Senior executives are taking more responsibility for information security in their organizations, according to IDC survey.
More senior executives in government and industry are taking responsibility for information security, a new survey has found.
Government and industry leaders realized in 2005 that they need information security to cost-effectively manage their risk, prevent financial-based cyberattacks and meet increasingly stringent federal information security regulations, the IDC 2005 Global Information Security Workforce Study concluded.
The International Information Systems Security Certification Consortium hired IDC to conduct the study.

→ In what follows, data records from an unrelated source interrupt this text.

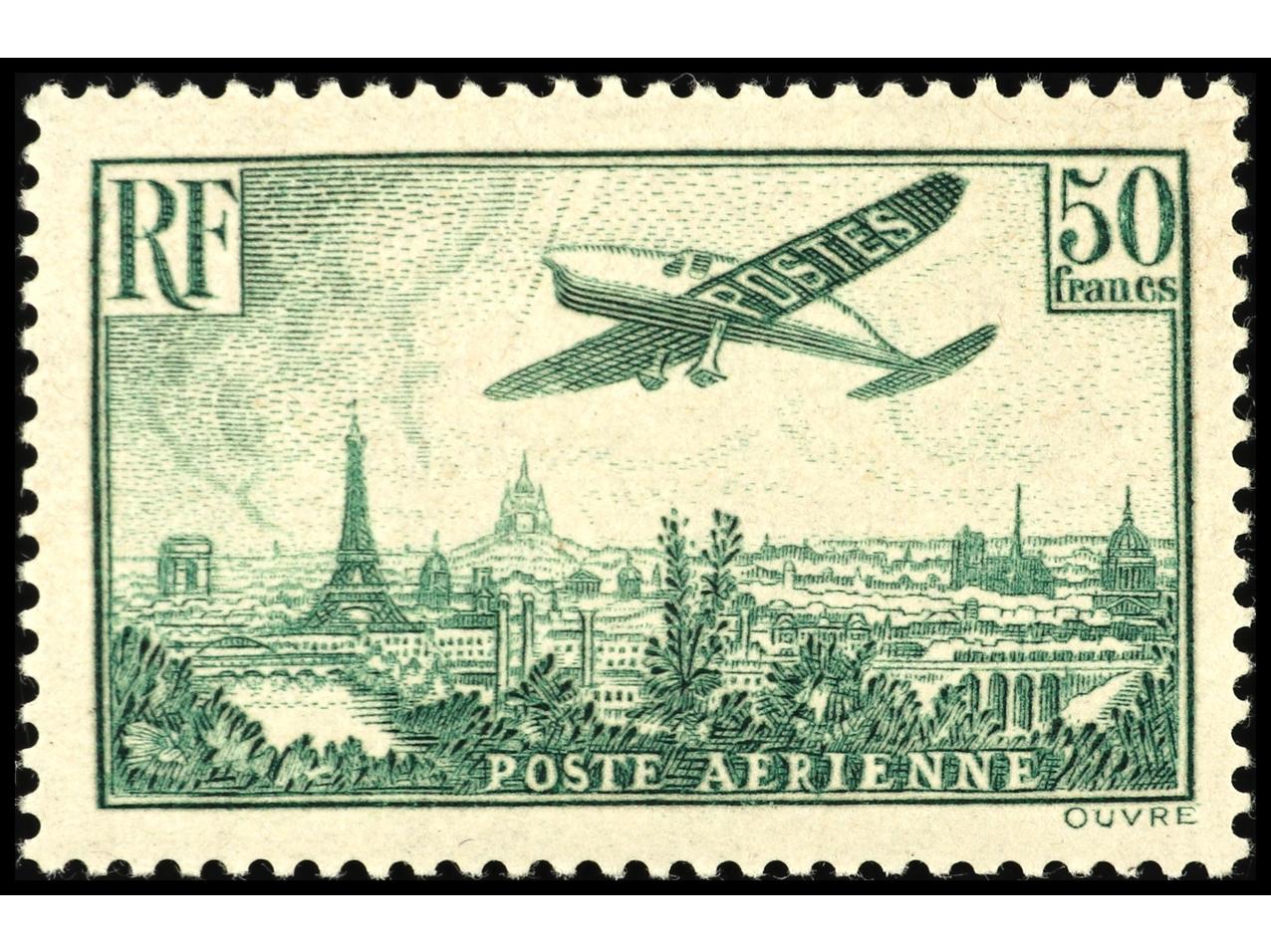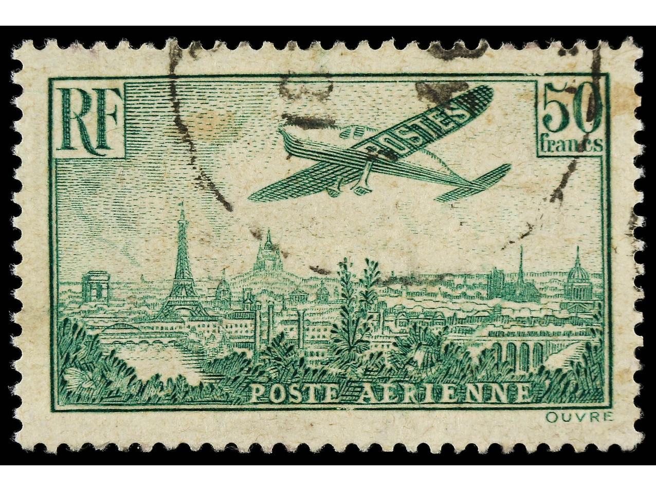 FRANCIA. SERIE COMPLETA, 7 valores. 50 fr. usado, leves sombras del tiempo. Yv.Av. 8/14. Cat. 590€. (Image1) (Image2)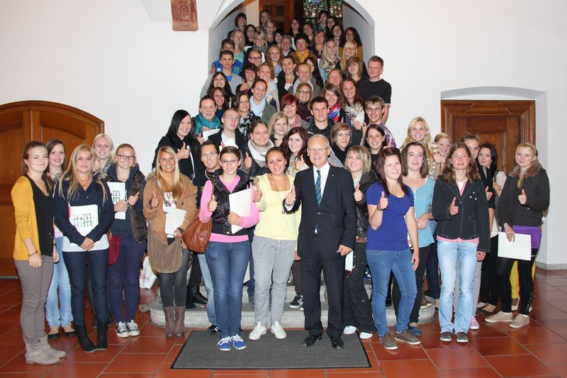 87 Jugendliche beginnen diesen Herbst in elf Berufen eine Ausbildung bei der Stadt Memmingen. Am "Bayerischen Tag der Ausbildung 2012" begrüßte Oberbürgermeister Dr. Ivo Holzinger die neuen Auszubildenden im Rathaus und wünschte ihnen einen erfolgreichen Start ins Berufsleben. Insgesamt beschäftigt die Stadt Memmingen derzeit 192 Auszubildende.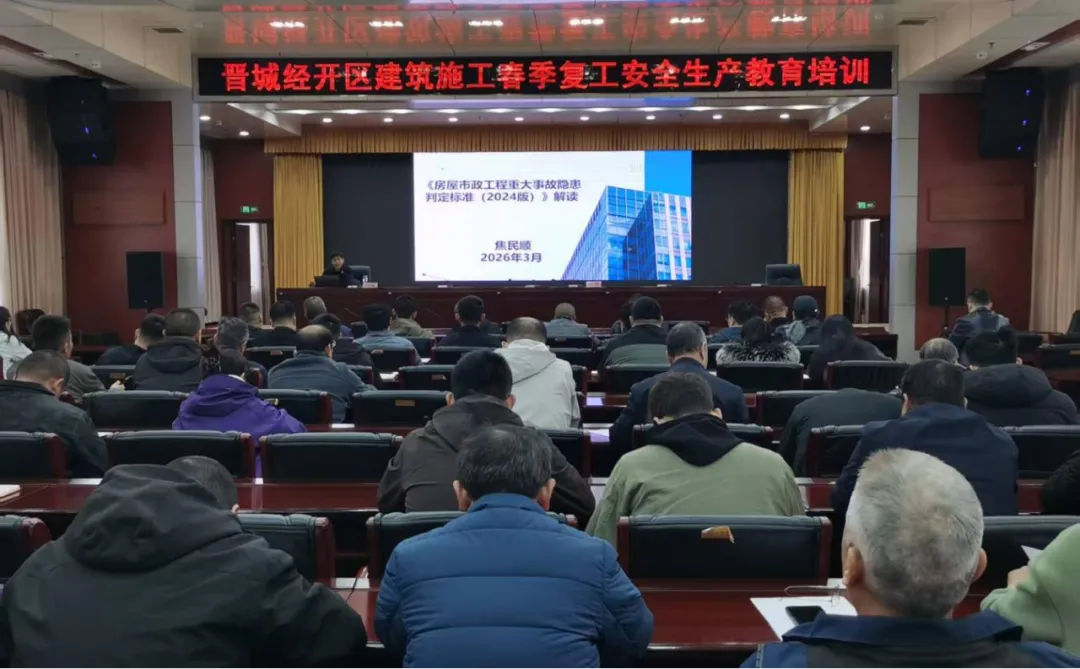 为切实筑牢建筑施工春季复工安全生产防线,有效防范化解节后复工复产各类安全风险,坚决遏制生产安全事故发生,确保建筑施工项目安全、有序、平稳复工。3月24日,晋城经开区举办2026年度建筑施工春季复工安全教育培训。全区施工项目负责人、专职安全管理人员、项目总监和部门监管人员100多人参加了此次培训活动。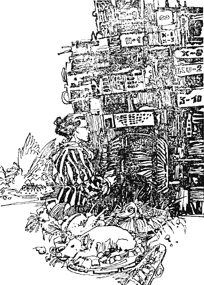 Однажды утром, сойдя вниз, мисс Мези увидела, что автокорзинка для бумаг злонамеренно засасывает вчерашнюю почту, которую она вовсе еще не собиралась выбрасывать. Часы-календарь объявили время каким-то необыкновенно визгливым голосом: так нахально домашние автоматы обращались только с ней. Надо быть твердой, подымала мисс Мези. И однако у нее задрожали губы, как всегда бывало, когда она робела. А робела она чересчур часто. Преглупо в наш век быть трусихой, ведь на дворе просвещенный и мирный год две тысячи второй. Брат мисс Мези не уставал ей это повторять, но чем больше он кричал и топал ногами, тем сильной ее одолевала робость. Мисс Meзи выключила автокорзинку и тихо постояла, глядя на самодовольный циферблат часов: она раздумывала о нахалах и тиранах вообще и о домашних автоматах в частности. Она их боялась и ненавидела всех до единого. В доме их полным-полно. С утра до ночи только и делаешь, что опасливо нажимаешь кнопки, переводишь рычаги да разбираешься в пестрящих дырками лентах: машины высовывают их, точно длинные языки, чего-то от тебя требуют, на что-то жалуются. А в последнее время, видно, почуяли, что она их боится, и нахально плюются и шипят на нее, не скрывают презрения к ее слабости. У брата Джона, конечно, намерения самые лучшие, но он прямо одержим страстью ко всяким механизмам. — Не будь мямлей, Клер! — орет Джон, когда она жалобно уверяет, что предпочла бы всю работу по дому делать своими руками. — Вперед! Вот наш девиз! Кто это в наше время обходится без домашних автоматов? Смелей! Больше пылу, больше жару! Докажи, что в тебе есть щепотка перцу! Чаще всего после таких разговоров он отправляется в город и покупает какую-нибудь новую машину, еще сложней и страшней прежних, чтобы взбодрить сестру, подбавить в ее нрав перцу, как он выражается. Сейчас брат распахнул дверь и громким голосом потребовал завтрак. Часы исполненным достоинства баритоном сообщили точное время. — Опять ты опаздываешь с едой, Клер, — проворчал Джон Мези. — Неужели нельзя живей поворачиваться? Ты слишком много торчишь на кухне. Там тоже пора все осовременить. У меня уже есть кое-что на примете, — прибавил он, старательно избегая испуганного взгляда сестры. До сих пор Джон никогда не вмешивался в кухонные дела. Мисс Мези — великая мастерица стряпать, а Джон всегда любил вкусно поесть. Она же просто не могла бы жить без стряпни. В это занятие она вкладывала всю свою изобретательность. Джон пропустил ее робкие протесты мимо ушей и под конец признался, что новый автомат уже заказан, оплачен и его с минуты на минуту доставят. — «Великий Автоповар» может приготовить все на свете, — говорил Джон с набитым ртом. — Ну же, Клер, хватит канючить. Привыкнешь. Этой машиной управлять проще простого. Думать она и сама умеет. Вот увидишь. Насытясь, он отправился на вертолете в город (сестра подозревала, что он там бессовестно тиранит своих подчиненных), а мисс Мези уселась в гостиной и приготовилась принять удар судьбы. Сперва она всплакнула, потом стала размышлять и наконец не без удивления почувствовала, что на смену привычной робости в ней поднимается дух противоречия. — На этот раз Джон зашел слишком далеко, — шептала она. — Я буду бороться. Еще не знаю как. Но все равно, какое он там чудище ни купил, я буду бороться до конца. С некоторым опозданием она открыла, что подчас м

Regulations such as the Sarbanes-Oxley Act of 2002 and the Graham-Leach-Bliley Act of 1999 are putting the onus on executive management to take information security seriously or face financial consequences, said Howard Schmidt, president and chief executive officer at R&H Security Consulting and a former information security adviser to President Bush. The biggest responsibility and headache for federal information security workers is the Federal Information Security Management Act of 2002.
“Security is no longer a necessary evil,” Schmidt said. “It’s got to be part of core business operations.”
This year’s study saw perceptions change of which executives are accountable for information security.
In 2005, 21 percent of respondents said their CEOs are ultimately responsible, up from 12 percent in 2004.
Chief information security officers and chief security officers also were held more accountable. Twenty-four percent of respondents said the buck stopped with CISOs and CSOs in 2005, compared with 21 percent in 2004.
The survey findings took some heat off chief information officers. Only 30.5 percent of respondents in 2005 gave CIOs final responsibility for information security, down from 38 percent in 2004.
The study made important observations for the federal government because 27.4 percent of respondents are U.S. federal employees or contractors.
More than 4,300 information technology professionals from 81 countries participated in the study, which is in its second year. The results were released at the Infosecurity conference in New York City Dec. 7.
The second phase of the survey is scheduled for release in the first quarter of 2006. That phase will specifically analyze the survey findings as they pertain to the federal government.